There’s no bitterness from Charnley at the way things turned out for him in rugby union, having joined Sale Sharks in 2016 with dreams of making it big in the 15-man game. But you certainly don’t get the sense that he has any regrets about his time there, or that he feels like he failed. On the contrary: by the end of his spell at Sale, he believes he had finally cracked the code.
“I really enjoyed it,” he says now. “I just didn’t get game time. If you play, you’re learning. Sale helped me as much as they could, but it was just competition in the team. My last game I played for them, I thought I did really well. I didn’t want to leave without doing what I set out to do.
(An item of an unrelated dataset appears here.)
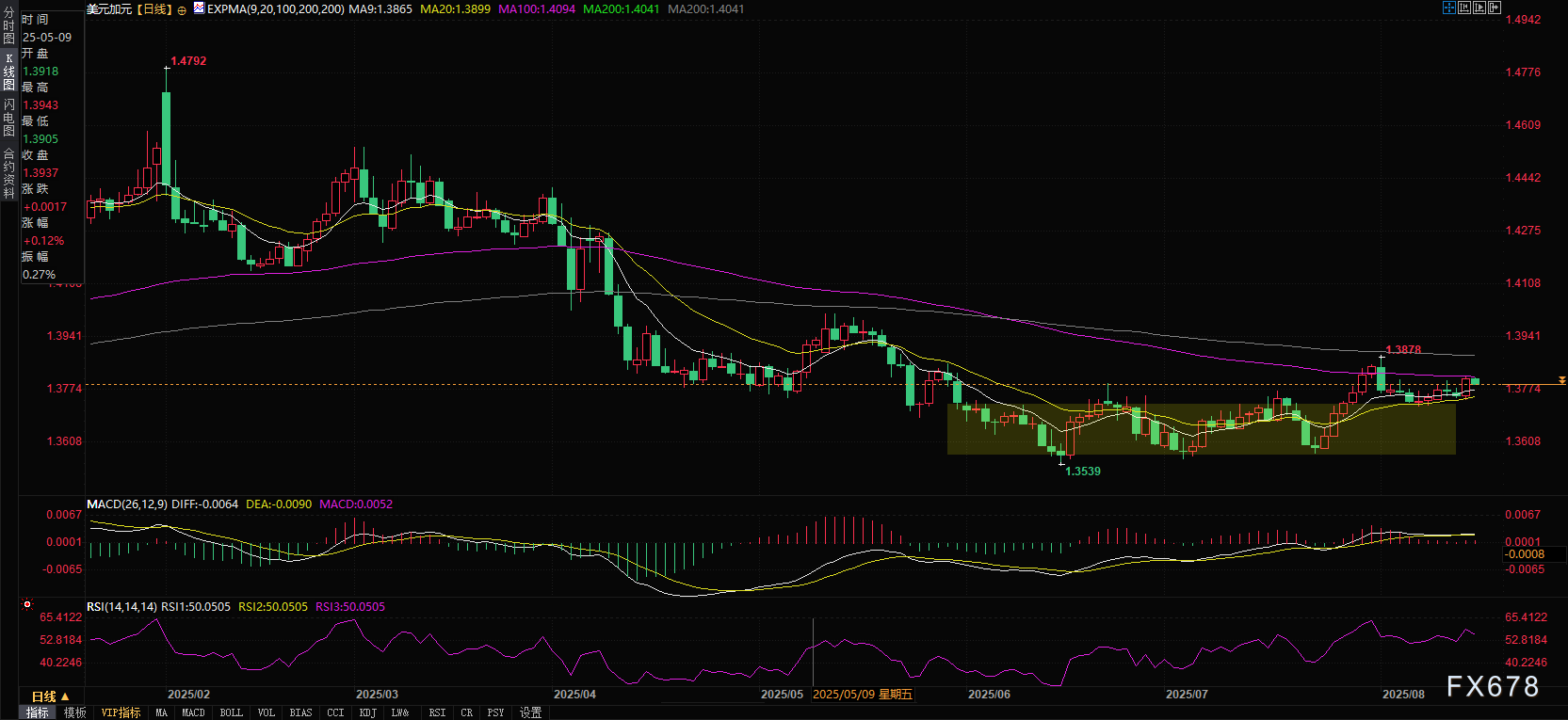 美元兑加元已从7月关键支撑位1.3600-1.3620区间反弹,技术动能再度转强。虽然目前汇价已回落至支撑区域,但在更大趋势重启前,汇价仍有望进一步上探1.39关口,甚至1.40。期货市场交易员正集体做空加元,这为美元兑加元短期看涨前景提供了额外支撑。 ![]() 2月至6月期间,加元兑美元持续大幅贬值,累计下跌8.5%——这一跌势在特朗普总统宣布暂停对加拿大、墨西哥和中国加征关税后有所缓和。汇价在1.36关口附近获得支撑,该水平同时与数月来的高成交量节点(HVN)及200周指数移动平均线重合。 尽管当前反弹仍属技术性修正(暗示美元兑加元最终可能重回1.36下方),但在趋势反转前,多头仍有进一步上攻空间。 汇价能否测试1.40心理关口(接近2022年高点1.3977),将取决于美联储对特朗普政府要求加大降息力度的抵抗程度。加拿大央行政策预期同样关键,下周公布的加拿大通胀数据将成为重要风向标。 美元兑加元技术分析:日线图 从日线图来看,空头曾三度尝试下破1.36关口下方HVN,但均以失败告终。每次尝试未果后都引发强势反弹,其中第三次反弹更是推动汇价触及十周高点。 目前汇价已回落至强劲支撑区域,该区域汇聚了50%斐波那契回撤位、50日均线及月度枢轴点。值得注意的是,周四(8月14日)K线形成看涨吞没形态,并以月度枢轴点为支点构筑了更高的低点。 只要汇价坚守周四低点1.3745上方就维持看涨立场。短期上行目标可关注200日均线附近的1.3885高点。若突破1.39关口,则月度R1枢轴点、2022年高点及1.40心理关口将成为下一阶段目标。 ![]() 北京时间17:57,美元兑加元交投于1.3794/95。 ![]() |

So I was happy with myself.”
What were the main differences between the two codes? “Everything,” he says. “From positioning, plays on the field, the moves. There’s a lot of scrumming, a lot of ball off the field, a lot of waiting around. The only thing the same is the shape of the ball. That’s about it.”
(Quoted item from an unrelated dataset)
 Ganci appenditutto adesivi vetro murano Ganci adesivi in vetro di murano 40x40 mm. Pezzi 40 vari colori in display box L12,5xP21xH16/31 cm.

Ultimately, Charnley put everything into making it as a Premiership regular, perhaps even pushing for international honours. But with little kicking game to speak of, and competing for a spot in the back line against international players like Marland Yarde, Denny Solomona and Byron McGuigan, it was always going to be a tough gig.
There was no great sulk, nor any grand escape plan. But when Warrington offered him a route back to the game he had been playing since he was six years old, something chimed inside him. He signed the contract with barely a second thought. “It was all within a week,” he says. “It were that quick.” In a way, Charnley has always plotted his career the same way he plots his way down the wing: one move at a time, never looking too far ahead, and seizing an opportunity when it presents itself.
He hasn’t looked back. Without a pre-season, and parachuting himself into a new dressing room with an established style, Charnley has enjoyed an outstanding first season in Cheshire, scoring 13 Super League tries and slotting into a team stuffed with international quality. They will begin as heavy favourites on Saturday against Catalans Dragons, having beaten the French side 26-0 and 56-6 (albeit against a weakened team) already this season.
In a way, Charnley sees his form this season as a kind of payback. “I’m grateful to this club,” he says. “They gave me the opportunity to come back to league, so I owe them a lot. Now I need to be a leader. They’ve not had much success in recent years. I’ve been there twice, won twice. Now I want to go there and win three times with these lads.”
He’s 27 now: the kid who used to bounce off the walls at Wigan, infusing the dressing room with his skittish energy, belongs to the past. He’s a father now, with one son and another child on the way. These days his pre-match routine stretches to nothing more extravagant than a ham and cheese sandwich from Subway. “I’m just a little bit smarter and a bit wiser,” he says. “I used to be giddy. Probably used to get on people’s nerves at Wigan. But I’ve taken a step back.”
He’s got life experiences to draw on, and the freight of adulthood weighing on his mind. “I’ve just sold my house at the minute. It’s only a little two-bed, and we’ve got another baby. So I’m moving, but I don’t know whether to move closer or stay where I am. I don’t like being in the same town where I work. I like to be away from rugby, away from it all. That’s what I’m doing as soon as I finish training. I’m on Rightmove, searching for houses…”
Older, wiser, and a winner. Having won three Grand Finals and two Challenge Cups with the Warriors, Charnley knows better than most where these big showpiece games are won and lost. “It’s just whoever turns up on the day,” he says. “It could be anyone’s. You’ve just got to be in the right frame of mind. We know how to play, we know what systems to run. If we do them right on the day, we’re unstoppable."